Кривая 1 на рис. 3 представляет зависимость брутто-скорости поглощения кислорода при окислении ДСЭС–ТСК в растворе ИПС. Три экспериментальные точки этой кривой отмечены на оси ординат и являются исходными точками зависимостей 2–4 скоростей окисления от [Cu(Ac)2]. Зависимость величин предельно низких скоростей для кривых 2–4 рис. 3 (при 1 ∙ 10–5 < < Cu(Ac)2 < 2 ∙ 10–5 моль/л) от [ТСК], значения которых отложены на прямой 5, есть искомая величина скорости окисления собственно ДСЭС–ТСК в среде ИПС как функция [ТСК]. Скорость этого окисления пропорциональна [ТСК]. Техника получения зависимости V = f [ЭС] (рис. 4) проще, чем зависимости 5 рис. 3. Ввиду того, что данные рис. 2 и 3 убедили нас в надежности купирования вклада радикально-цепного окисления ИПС, последующие опыты окисления просто проводили в растворе ИПС, содержащем Cu(Ac)2 в блокирующей концентрации 1.35 ∙ 10–5 моль/л.

Рис. 3.

Зависимости, полученные в изопропаноле при [ЭС] = 0.35 моль/л и 343 K: брутто-скорости поглощения кислорода раствором ДСЭС–ТСК от [ТСК] (1); брутто-скорости окисления растворов ДСЭС–ТСК от [Cu(Ac)2] при [ТСК] = 3.8 ∙ 10–3 (2), 2.56 ∙ 10–3 (3), 1.28 ∙ 10–3 моль/л (4); 5 – скорости окисления ДСЭС–ТСК от [ТСК].

Рис. 4.

Зависимости скорости окисления ДСЭС–ТСК в изопропаноле при 343 K, [ТСК] = 2.56 ∙ 10–3, [Cu(Ac)2] = 1.35 ∙ 10–5 моль/л от [ЭС] (1) и логарифма скорости от температуры (2) при [ЭС] = 0.522 моль/л.

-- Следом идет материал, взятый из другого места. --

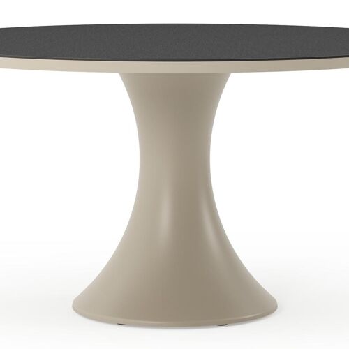 Table de jardin Fano ronde en aluminium beige et céramique pleine Nero Black - Diam. 148 x Haut. 75 cm | Exterioo

Кривая 1 на рис. 4 при [ЭС] $ \gg $ [ТСК] отвечает нулевому порядку реакции окисления ДСЭС–ТСК в среде ИПС по концентрации эпоксида: V = = k [ЭС]0 [ТСК]1. Эффективная псевдомономолекулярная константа скорости окисления ДСЭС–ТСК в изопропаноле, рассчитанная по тангенсу угла наклона прямой 5 рис. 3, равна k = = 5.2 ∙ 10–3 с–1, или в аррениусовской форме k = = 5.2 ∙ 1010exp(–85.0 кДж · моль–1/RT); энергия активации рассчитана из данных кривой 2 рис. 4.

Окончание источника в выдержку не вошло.